— Нам тоже так кажется, — со вздохом пробормотал Гаевский. — Однако, обыск в его городской квартире ничего не дал. Мы и на даче Соковникова всё обыскали, я имею в виду бывшую комнату Селивёрстова. И чувствую я, что есть что-то за пазухой у него, да только не прихватить пока…
— В некоторых домах жильцам сдаются клетушки в подвале. Знаете, такие выгородки дощатые, как сарайчики. Там обычно барахло всякое держат, соленья, варенье, дровишки. Может, у Селивёрстова такой чуланчик имеется?
— Мысль дельная! — оживился Иванов. — Надо будет выяснить.
— Ну да, — поддакнул Гаевский, — Там, кстати, и чердачок есть! Может, Агафон, метнёшься, по чердачку пробежишь разок-другой?
— А чего это ты ёрничаешь? — не понял Иванов.
— Я не ёрничаю! Я градус глупости понижаю! Что-то мне кажется невероятным, чтобы такой человек как Селиверстов держал деньги или векселя… что там еще?… икону дорогую, пятнадцатитысячную, просто так, без пригляда, в подвале или на чердаке… Не оставишь же такие вещицы просто так, в тряпице завернутые. А вдруг мыши, крысы?
— Почему же, просто так? — не унимался Иванов. — Можно спрятать в какой-нибудь ларец или сундук…
— Но это сразу привлекло бы внимание…
— Можно закопать…
— Что ты несешь, Агафон? Где можно закопать сундук на чердаке?
— Вскрыть настил пола и закопать в толще шлака, проложенного между потолком последнего этажа и чердачным полом.
— Много вас таких умных полы разбирать! Подобная проделка сразу привлечёт интерес и соседей, и домохозяина.
— На многих чердаках пола вообще нет, засыпанный шлак лежит открыто. — не унимался Иванов.
Шумилов, не без любопытства наблюдавший за тем, как развивалась пикировка сыщиков, не сдержался и подал голос:
— Ну, а почему вы только о сундуке говорите?
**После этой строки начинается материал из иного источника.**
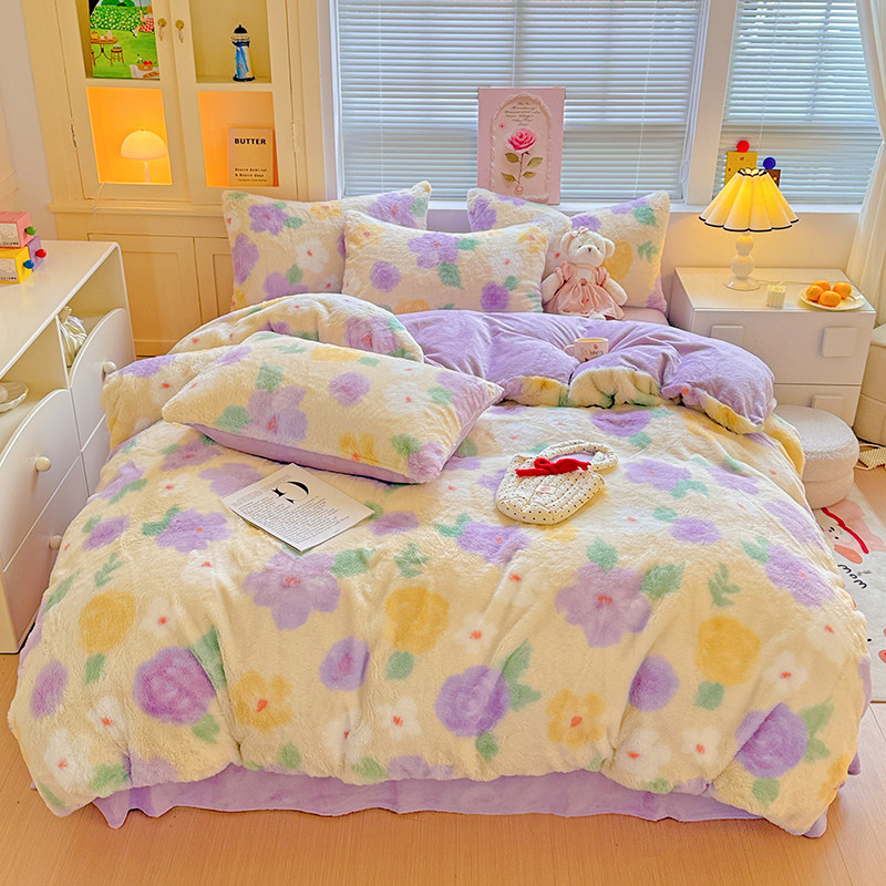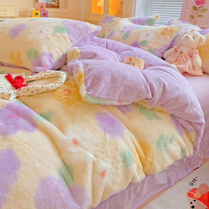 秋冬季加厚四件套牛奶绒被套床单双面加绒被罩床笠学生宿舍三件套
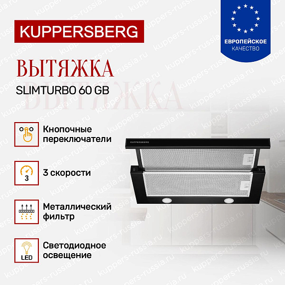 Вытяжка Kuppersberg SLIMTURBO 60 GB — превосходное решение для вашей кухни. Модель выполнена в современном дизайне и подойдет к любому интерьеру. Черный оттенок и металлический корпус придают устройству элегантный стильный вид. Материал не меняет цвет со временем, не деформируется под воздействием влаги и от перепадов температур. Встраиваемая конструкция подходит для небольших комнат. Корпус полностью убирается в шкаф, снаружи остается только рабочая поверхность. Прибор сочетается как с классическими, так и с современными гарнитурами. Он поможет вам создать благоприятный микроклимат на кухне.

Насколько я понял, Селивёрстов — человек достаточно грамотный, разумный, почему бы ему не догадаться арендовать банковскую ячейку? И тогда у него и задача-то проще пареной репы — спрятать ключ от нее.
Сыщики опять переглянулись, точно мысленно обменялись мнениями.
— И то правда, Алексей Иванович! — согласился Гаевский. — Дельная мысль. Надо будет непременно сбегать на квартиру к Селивёрстову, ключик поискать! После нашего обыска Селивёрстов должен расслабиться, бдительность утратить, глядишь при нашем повторном появлении как-то себя и выдаст.
Заканчивали обед в прекрасном настроении, расположенные друг к другу. Все трое были примерно одинакового возраста, вдобавок сейчас присутствовавших объединила общность задачи и совпадающие взгляды на дальнейших ход расследования. Шумилов оставил сыщикам свой домашний адрес, а также и координаты места службы — безо всякой задней мысли, так, на всякий случай, если вдруг для чего-то срочно понадобится.
Выйдя из «Мандарина», троица на минуту остановилась, пожимая руки и расшаркиваясь. Затем Алексей направился на службу, а Агафон и Владислав задержались, решая, куда и как им двигаться.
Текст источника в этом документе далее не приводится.